As volatility compresses, the core appeal of cryptocurrencies to retail is eroding. The "excessive volatility" that defined the 2021-22 cycle and attracted a generation of retail investors is no longer present. For those in pursuit of volatility, stocks are becoming increasingly attractive.

Technical Factors

In addition to structural changes in the crypto market, some technical factors are also accelerating this shift, which is rarely mentioned.

  • Ease of access to crypto—fintech companies and traditional brokerage platforms are integrating crypto trading (or crypto-native platforms introducing stock trading), which indeed lowers the entry barriers, but the deeper impact is seen in the outflow of capital. In past cycles, cumbersome processes made it easy for funds once deposited in the crypto market to be "locked" in, naturally rotating between various tokens. Nowadays, these smooth inflow and outflow channels mean that funds can flow freely between the stock market and crypto market without facing significant barriers.

  • Acquisition of information advantages—retail seems increasingly attracted to the stock market, partly because they have gained an unprecedented "analytical advantage" through artificial intelligence (AI). Large language models (LLMs) have significantly enhanced retail investors' analytical abilities, giving them the feeling of competing on equal footing with institutions.

However, this feeling does not exist in the crypto market.
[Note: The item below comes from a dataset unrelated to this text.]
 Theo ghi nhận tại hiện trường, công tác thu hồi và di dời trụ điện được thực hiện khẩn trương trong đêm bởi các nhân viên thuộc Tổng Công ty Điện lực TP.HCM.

While it is feasible to analyze cryptocurrencies based on data, the crypto market lacks a consensus valuation framework, the value capture mechanisms of tokens are unclear, and simultaneously, the investable options keep expanding, all of which make it difficult for retail to feel that they "hold the advantage".

Conclusion

Retail investors, once the most reliable self-reinforcing source of demand in the crypto market, are increasingly satisfying their risk appetites elsewhere.
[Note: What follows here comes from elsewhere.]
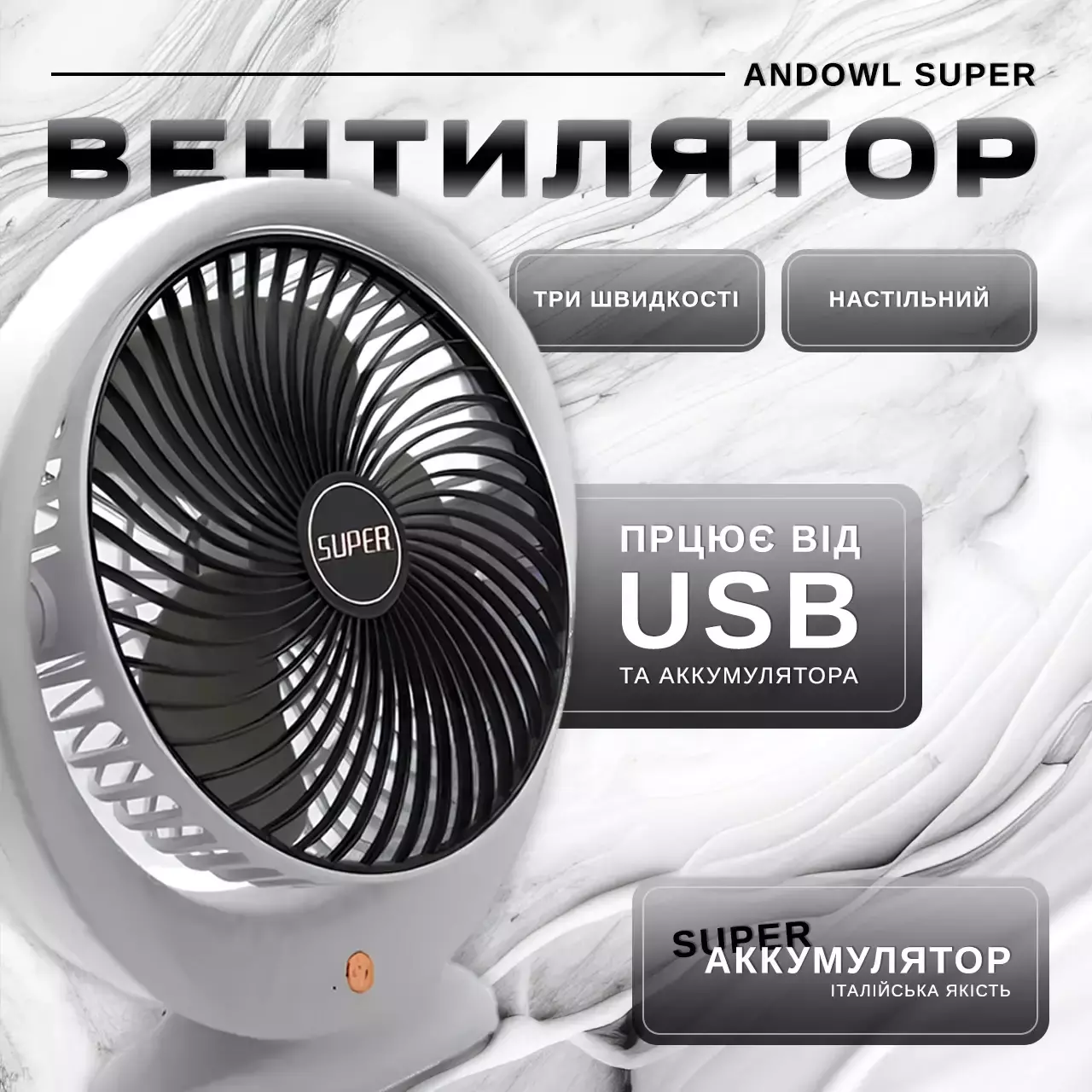 Настольный usb мини вентилятор аккумуляторный портативный Andowl Super тихий экономный охлаждение (Италия)

The stock market not only offers increasingly competitive volatility but also provides a growing analytical advantage, and through existing applications on retail investors' smartphones, it allows for seamless switching from crypto to stock trading.

While cryptocurrencies still hold a place in retail investors' portfolios, they are now just one of many options and no longer the main battleground for speculation.

This transformation should also reshape how investors view the market. Some validated traditional indicators have become ineffective. For crypto investors, merely identifying risk appetite's leading indicators and integrating them with a crypto-native framework is no longer sufficient for winning. Investors need to increasingly view cryptocurrencies from the perspective of cross-asset portfolios, similar to the standard practices in stocks and fixed income arenas.